Billie Eilish – laut Zeitung der zweitwichtigste Teenager der Welt. Nie gehört. Nachteil des Boomerdaseins. Oder Vorteil, wer weiß.

In den Medien wird behauptet, die demokratische Kandidatin für das US-Vizepräsidentenamt, Kamala Harris, sei „schwarz“. Verstehe ich nicht. Sie ist doch mindestens so „weiß“ wie Donald Trump, wenn man die Bilder vergleicht.

Freitag: Nur kurz Regen am Abend. Überhaupt regnet es zu wenig in letzter Zeit, manche Kommunen haben schon Schwierigkeiten mit der Wasserversorgung. Die Schwimmbecken sind voll, aber der Duschkopf bleibt trocken. Dagegen war die Klopapierkrise ein Witz.

Ist Ihnen mal aufgefallen, dass es in Filmen selten regnet ohne Gewitterbegleitung, einfach nur Regen? Befürchten die Filmemacher, der Zuschauer würde den Regen sonst nicht bemerken? Darüber regt sich mal wieder niemand auf.

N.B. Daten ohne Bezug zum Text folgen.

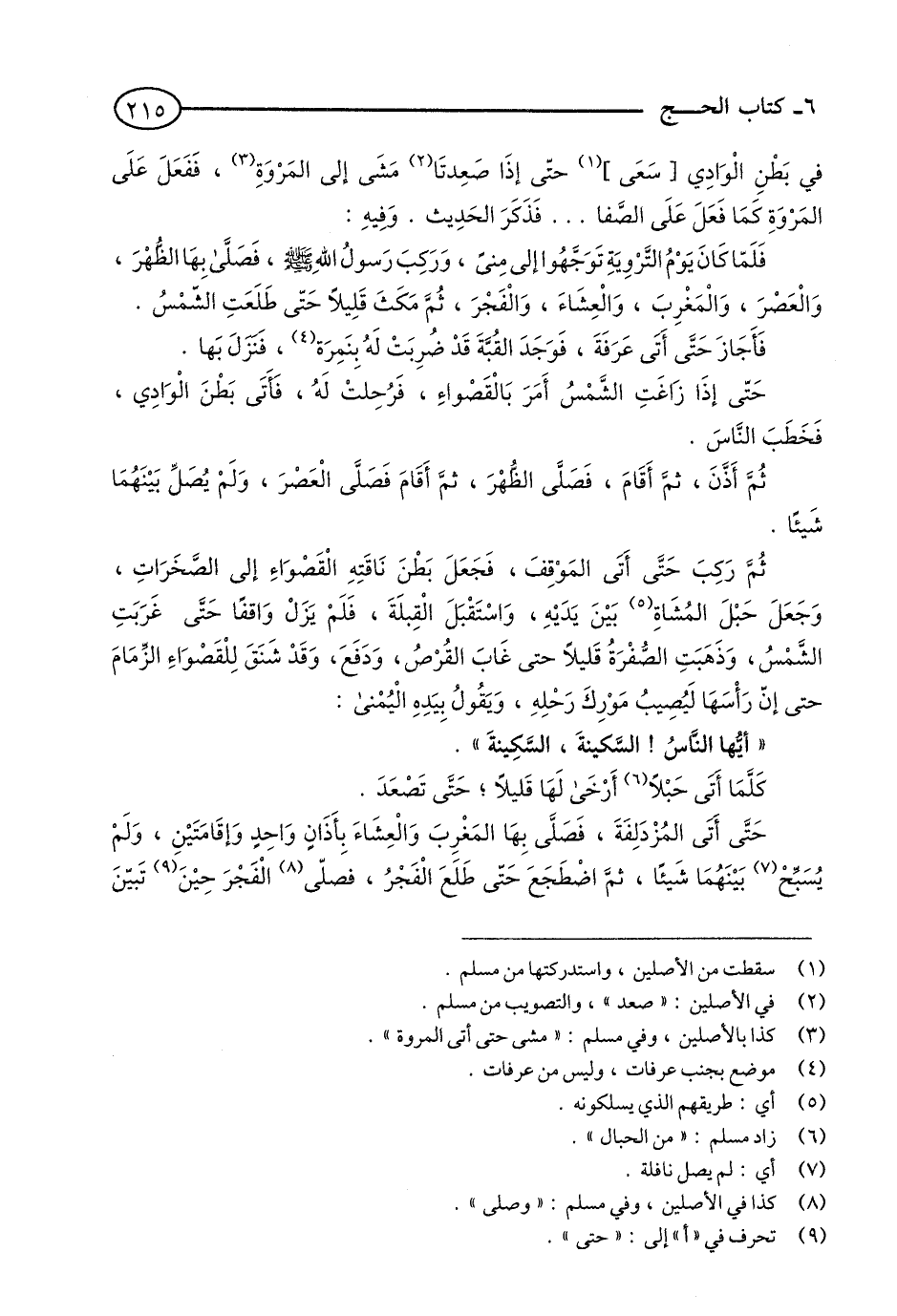 ثُمَّ رَكِبَ حَتَّى أَتَى الْمَوْقِفَ فَجَعَلَ بَطْنَ نَاقَتِهِ الْقَصْوَاءِ إِلَى الصَّخَرَاتِ, وَجَعَلَ حَبْلَ الْمُشَاةِ (5) بَيْنَ يَدَيْهِ وَاسْتَقْبَلَ الْقِبْلَةَ, فَلَمْ يَزَلْ وَاقِفًا حَتَّى غَرَبَتِ الشَّمْسُ, وَذَهَبَتْ الصُّفْرَةُ قَلِيلًا, حَتَّى غَابَ الْقُرْصُ, وَدَفَعَ, وَقَدْ شَنَقَ لِلْقَصْوَاءِ الزِّمَامَ حَتَّى إِنَّ رَأْسَهَا لَيُصِيبُ مَوْرِكَ رَحْلِهِ, وَيَقُولُ بِيَدِهِ الْيُمْنَى: «أَيُّهَا النَّاسُ, السَّكِينَةَ, السَّكِينَةَ» , كُلَّمَا أَتَى حَبْلًا (6) أَرْخَى لَهَا قَلِيلًا حَتَّى تَصْعَدَ.

Samstag: „Die Vorstellung, dass an irgendeiner Stelle des Internets gesiezt wird, ist geradezu abwegig“, steht im General-Anzeiger zum Schwinden des „Sie“. Der Schreiber scheint dieses Blog nicht zu kennen. Warum sollte er auch.

Sonntag: Zwei notierenswerte Sätze aus der Frankfurter Allgemeinen Sonntagszeitung:

„Nichts verpufft schneller als die öffentliche Empörung.“
(Rainer Hank über integres Handeln von Unternehmen)

„Heute kommen Menschen aus allen Kontinenten, um Paderborn weiträumig zu umfahren.“
(Oliver Maria Schmitt über Paderborn)

In der PSYCHOLOGIE HEUTE las ich einen interessanten Artikel über sogenannte Spätblüher, das sind Leute, die erst im fortgeschrittenen Alter ihre wahre Berufung finden. Das gibt mir Hoffnung, doch noch Karriere zu machen als erfolgreicher, angesehener … wasweißich.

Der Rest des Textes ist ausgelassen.